Hay una queja amable contra el tiempo en estas palabras que tiemblan y hablan como las frondas de los eucaliptos que han permanecido fieles a su raíz a pesar de las sequías, las lluvias excesivas o la depredación de los humanos que son, sin duda, uno de los más dañinos grupos zoológicos. Pero Jorge declara inocente al tiempo y no se atreve a hacerlo suyo. Viaja hacia el pasado y teme “a los nuevos rencores ya servidos”. Encuentra más digno al pretérito imperfecto y, sin embargo, se asombra ante la tenacidad de las últimas estrellas fieles a su noche.

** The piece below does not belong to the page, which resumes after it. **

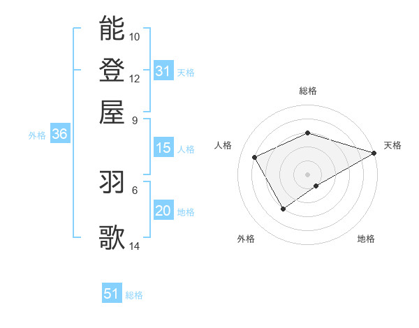 能登屋 羽歌さんの総格は51画の3点!

Predominan en el poemario las naturalezas vivas: Cydno, Ishmar, la erótica canción de febrero, los murmullos del olivar y, sobre todo, el mare nostrum de la tradición latina. A él me atengo para terminar estas divagaciones: “Es uno mismo el que acaricia mis ojos/ en su cuerpo de sal y el que devora el curso/ de la tarde o el ronco estertor de los ahogados…” Es nuestro mar “color de vino”, nuestro mar oteado por Palinuro, el mar grecolatino que sigue y sigue, cambia en Portugal y se viene hasta las Américas para seguir siendo nuestro.